The intrinsic link between facial motion and speech is often overlooked in generative modeling, where talking head synthesis and text-to-speech (TTS) are typically addressed as separate tasks. This paper introduces JAM-Flow, a unified framework to simultaneously synthesize and condition on both facial motion and speech. Our approach leverages flow matching and a novel Multi-Modal Diffusion Transformer (MM-DiT) architecture, integrating specialized Motion-DiT and Audio-DiT modules. These are coupled via selective joint attention layers and incorporate key architectural choices, such as temporally aligned positional embeddings and localized joint attention masking, to enable effective cross-modal interaction while preserving modality-specific strengths. Trained with an inpainting-style objective, JAM-Flow supports a wide array of conditioning inputs—including text, reference audio, and reference motion—facilitating tasks such as synchronized talking head generation from text, audio-driven animation, and much more, within a single, coherent model. JAM-Flow significantly advances multi-modal generative modeling by providing a practical solution for holistic audio-visual synthesis.
Comparison of our JAM-Flow methods (I2V and V2V) with state-of-the-art talking head generation methods including SadTalker, AniPortrait, Hallo, and Hallo3. Each row shows the same input processed by different methods alongside the ground truth.
Audio quality comparison between F5-TTS baseline and our JAM-Flow methods. As mentioned in our paper, our primary model shows a slight decrease in TTS metrics compared to the original F5-TTS model. This is primarily attributed to the architectural modifications necessary for joint audio-motion synthesis—in pure TTS settings, our model lacks the motion cues it was designed to leverage. Nevertheless, it still delivers high-quality speech synthesis while offering significantly expanded capabilities for diverse downstream tasks. Our variant (marked with †) features a frozen Audio-DiT and no motion attention mask—a configuration closer to the original F5-TTS—which achieves better TTS metrics, while our primary model provides the optimal balance between audio quality and motion synthesis capabilities.
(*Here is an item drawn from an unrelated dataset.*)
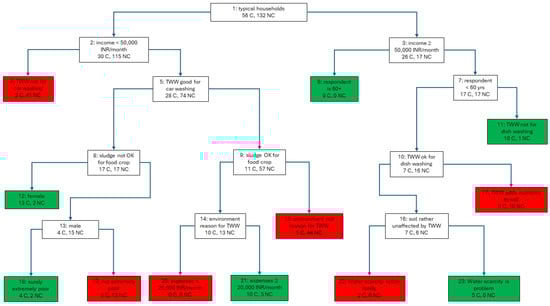 The ten respondents of the red node no. 17 from better-off households agreed to the statement that irrigating with TWW would add nutrients to the soil. The question about adding nutrients to the soil may have puzzled respondents, as treated sludge may be used as a fertilizer, while wastewater treatment ought to remove nutrients from the TWW. However, recent literature [24] has shown benefits to the soil from irrigating with TWW. Respondents had in general favorable views about recycling and would accept and pay for dual taps. However, they did not pay the charge for potable water. Perhaps they were dissatisfied with water quality, as all, except two, used advanced purification with stated maintenance costs of 500–2000 INR/year.

Demonstration of our method's capability in automated video dubbing, showing temporal alignment between generated speech and existing visual content. Compared with state-of-the-art methods including HPMDubbing, StyleDubber, and VoiceCraft-Dub.
JAM-Flow enables unique cross-modal generation capabilities that showcase the flexibility of our joint audio-motion model. Due to size limitations, we present a selection of interesting cases below. Many more combinations are possible with our unified framework.
The most straightforward multimodal generation case. Given only text input, our model generates both synchronized audio and motion from scratch.
Similar to Case 1, but with added voice cloning capability. The model generates audio matching the reference speaker's voice characteristics while creating synchronized motion.
Samples coming soon...
This case demonstrates audio generation constrained by existing motion. To ensure temporal alignment between text and video length, we reorder the words from the original prompt rather than using entirely different content. For example: "JAM-Flow matches audio to video" becomes "Audio to video JAM-Flow matches". This maintains approximate text length while creating different semantic ordering, showcasing how our model adapts audio generation to fit frozen motion patterns with altered content.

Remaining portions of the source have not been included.